Apache Spark has no efficient PySpark connector to read data in hdf5 file. Therefore we first converted the cosmoDC2 data set into parquet (similar to what DPDD tools offer). For the purpose of this notebook, we only convert a few columns of interest. The file is accessible at NERSC for DESC members.

In [4]:
! hadoop dfs -ls /lsst/DC2/cosmoDC2

DEPRECATED: Use of this script to execute hdfs command is deprecated.
Instead use the hdfs command for it.

Found 5 items
drwxr-xr-x   - stephane.plaszczynski lsst          0 2019-09-03 20:04 /lsst/DC2/cosmoDC2/cosmoDC2_v1.1.4_image.parquet
drwxr-xr-x   - stephane.plaszczynski lsst          0 2019-10-16 10:52 /lsst/DC2/cosmoDC2/cosmoDC2_v1.1.4_image_double.parquet
drwxr-xr-x   - stephane.plaszczynski lsst          0 2020-04-23 17:28 /lsst/DC2/cosmoDC2/cosmoDC2_v1.1.4_image_nofaint.parquet
drwxr-xr-x   - stephane.plaszczynski lsst          0 2020-09-07 19:17 /lsst/DC2/cosmoDC2/shear_cosmoDC2
drwxr-xr-x   - stephane.plaszczynski lsst          0 2019-04-16 18:40 /lsst/DC2/cosmoDC2/xyz_v1.1.4_hive


In [5]:
timer.start()

# Path to cosmoDC2 (parquet format)
filename = "/lsst/DC2/cosmoDC2/cosmoDC2_v1.1.4_image.parquet"
#filename = "/lsst/DC2/cosmoDC2/cosmoDC2_v1.1.4_image_double.parquet"
#filename = "/lsst/DC2/cosmoDC2/cosmoDC2_v1.1.4_image_nofaint.parquet"

# Spark DataFrame
df = spark.read.parquet(filename)

# Le's inspect the schema of the data
df.printSchema()

# Number of objects in the catalog
print("Number of rows: {}".format(df.count()))

timer.split()

root
 |-- Mag_true_g_lsst_z0: float (nullable = true)
 |-- Mag_true_z_lsst_z0: float (nullable = true)
 |-- ra: float (nullable = true)
 |-- mag_y: float (nullable = true)
 |-- mag_z: float (nullable = true)
 |-- size_true: float (nullable = true)
 |-- halo_id: long (nullable = true)
 |-- position_x: float (nullable = true)
 |-- mag_g: float (nullable = true)
 |-- Mag_true_u_lsst_z0: float (nullable = true)
 |-- mag_true_r: float (nullable = true)
 |-- position_angle_true: float (nullable = true)
 |-- mag_true_g: float (nullable = true)
 |-- stellar_mass: float (nullable = true)
 |-- Mag_true_y_lsst_z0: float (nullable = true)
 |-- position_y: float (nullable = true)
 |-- mag_true_i: float (nullable = true)
 |-- redshift: float (nullable = true)
 |-- Mag_true_i_lsst_z0: float (nullable = true)
 |-- mag_r: float (nullable = true)
 |-- mag_true_y: float (nullable = true)
 |-- dec: float (nullable = true)
 |-- mag_true_u: float (nullable = true)
 |-- Mag_true_r_lsst_z0: float (nullable = 

# Data preparation: selecting halos by their stellar mass

In [None]:
# We reject synthetic halos - see for example discussion in 
# https://github.com/LSSTDESC/cosmodc2/issues/82
# In addition we select halo members according to their stellar mass
stellar_masses_cut = [1e9, 1e10, 5e10, 1e11]
full_data = []
for stellar_mass_cut in stellar_masses_cut:
    df_filt = df.filter("halo_id > 0").filter("stellar_mass > {}".format(stellar_mass_cut))

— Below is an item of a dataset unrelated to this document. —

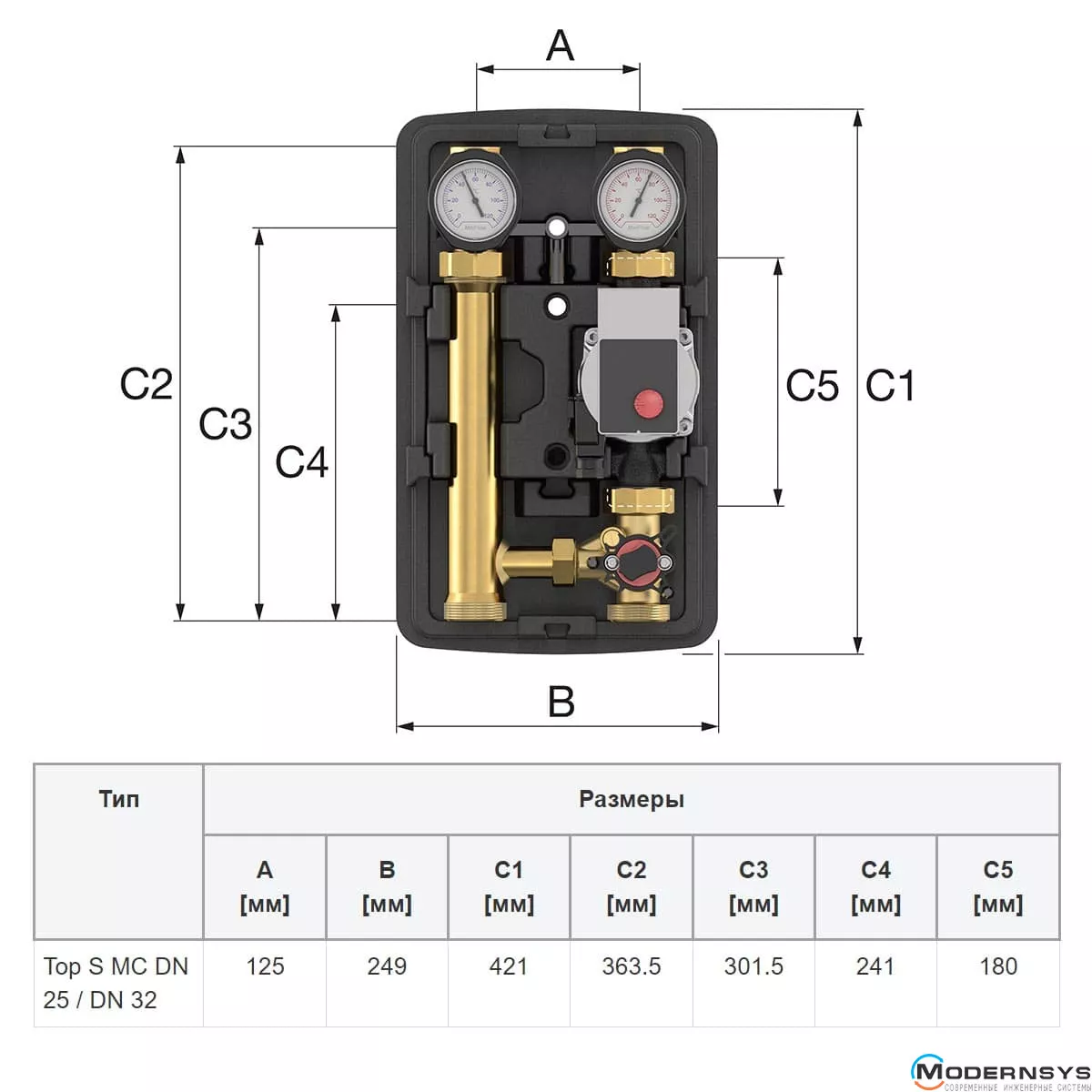 Технічні характеристики: Насосна група Meibes (Майбес) MeiFlow Top S MC DN32 змішує з насосом Wilo Stratos PICO Plus 32/1-6 9

    # Group data by halos and compute the number of halo members
    df_disp = df_filt.groupBy("halo_id").count()

    # Add back the original DataFrame columns
    # and select only central member for halo 
    # (unique halo mass for a halo)
    data_joined = df_filt.join(df_disp, "halo_id")\
        .filter("is_central == True")\
        .select("stellar_mass", 'count')\
        .dropna()

    # Collect the data from the executors to the driver
    data = data_joined.collect()
    full_data.append(data)

# Halo mass distribution

(for the version without cut, see the main notebook)

In [None]:
matplotlib.rcParams.update({'font.size': 17})

fig = plt.figure(figsize=(10, 7))
plt.title("Histogram of halo masses ($n_{{gal}}/halo > 0$)")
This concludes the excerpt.